Dataset content
==========

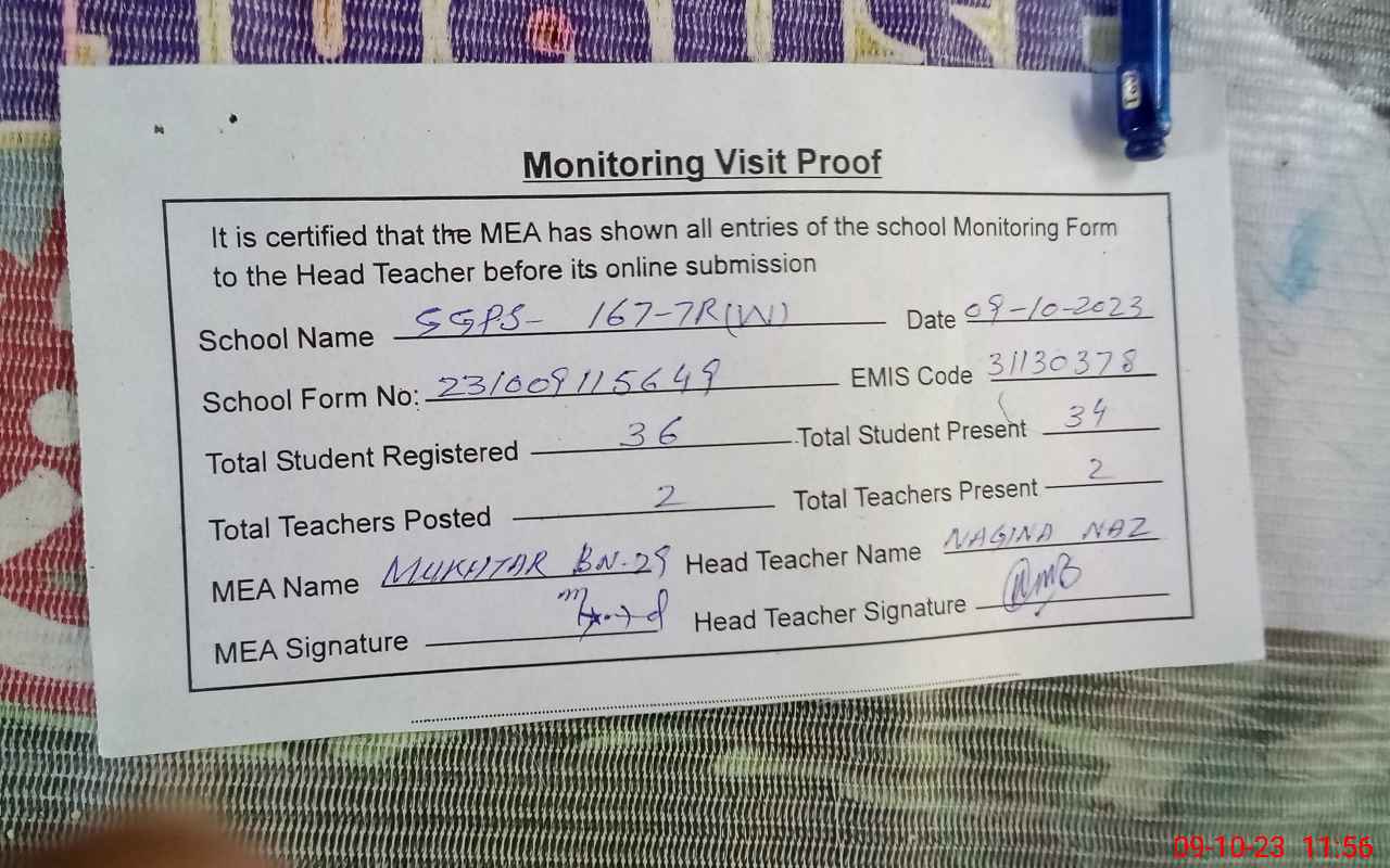 | EMIS Code: 31130378 | Name of School: GGPS CHAK NO167/7-R (w) | |||
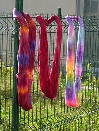 @janickabez Ono to slunko už nemělo moc sílu... Barvy jsou Jacquard tyto -- http://www.art-creative.cz/praskova-barviva-bat..., klasická metoda naplácat na přadeno (předem namočené v kyselé vodě s trochou šamponu), zavinout do fólie, dát do mikrovlnky aby se to začlo "vařit". Místo octa dávám kys. citronovou, nesmrdí.
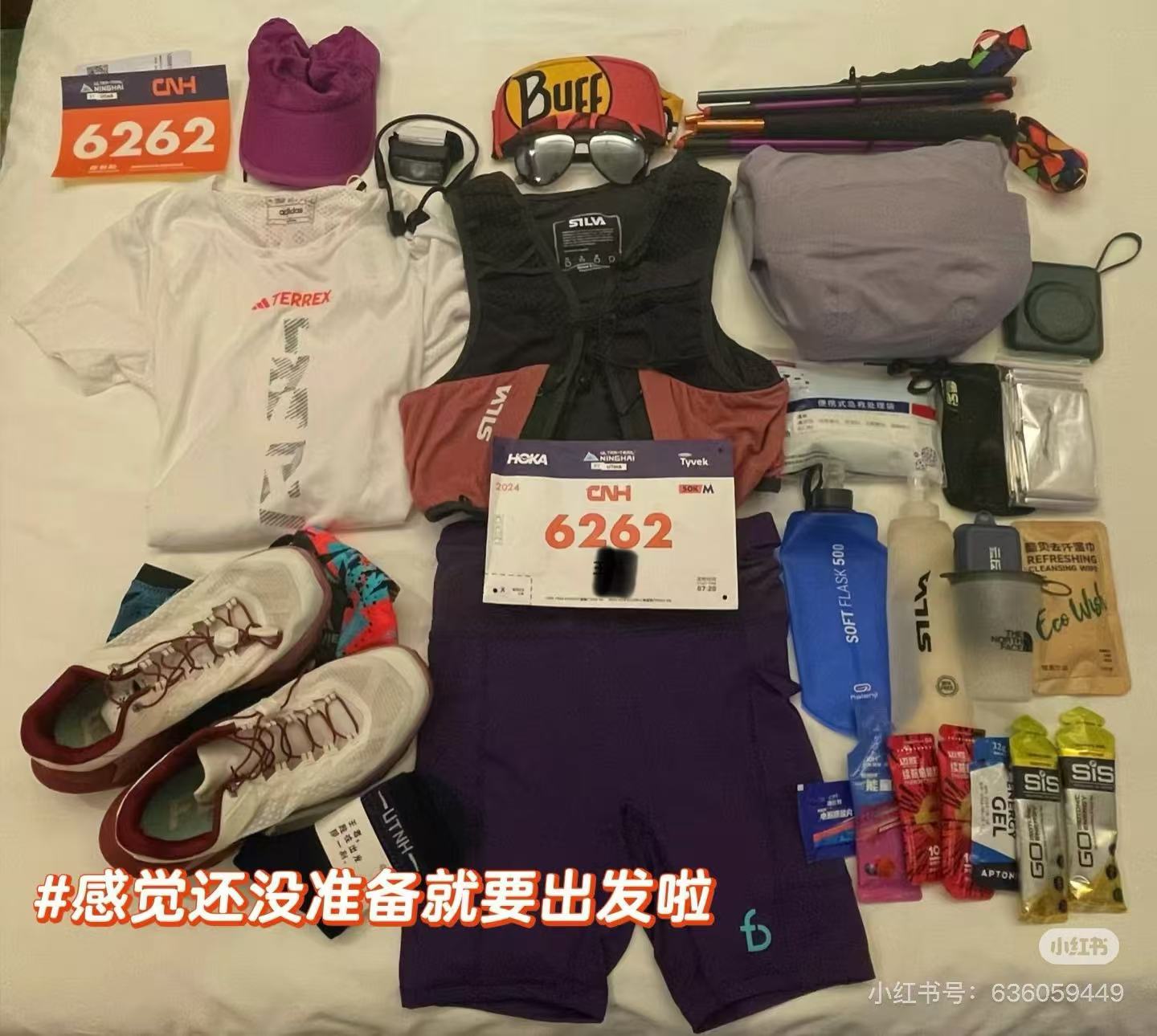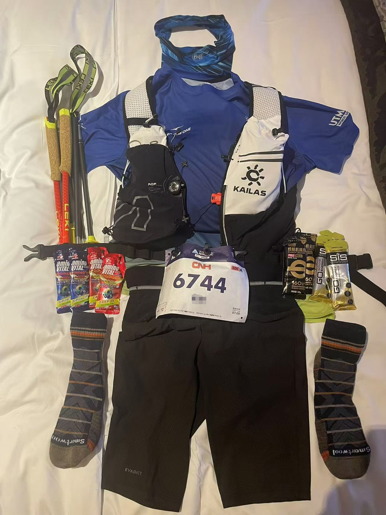 鞋:Hoka 快羊5;Leki登山杖 - 和家驹同款;迪卡侬压缩裤-据说特别适合屁降;凯乐石越野背包-深受好评

==========

What the task requires
Reproduce the whole listing exactly, but not the images in it.

Task response
 | EMIS Code: 31130378 | Name of School: GGPS CHAK NO167/7-R (w) | |||
 @janickabez Ono to slunko už nemělo moc sílu... Barvy jsou Jacquard tyto -- http://www.art-creative.cz/praskova-barviva-bat..., klasická metoda naplácat na přadeno (předem namočené v kyselé vodě s trochou šamponu), zavinout do fólie, dát do mikrovlnky aby se to začlo "vařit". Místo octa dávám kys. citronovou, nesmrdí.
 鞋:Hoka 快羊5;Leki登山杖 - 和家驹同款;迪卡侬压缩裤-据说特别适合屁降;凯乐石越野背包-深受好评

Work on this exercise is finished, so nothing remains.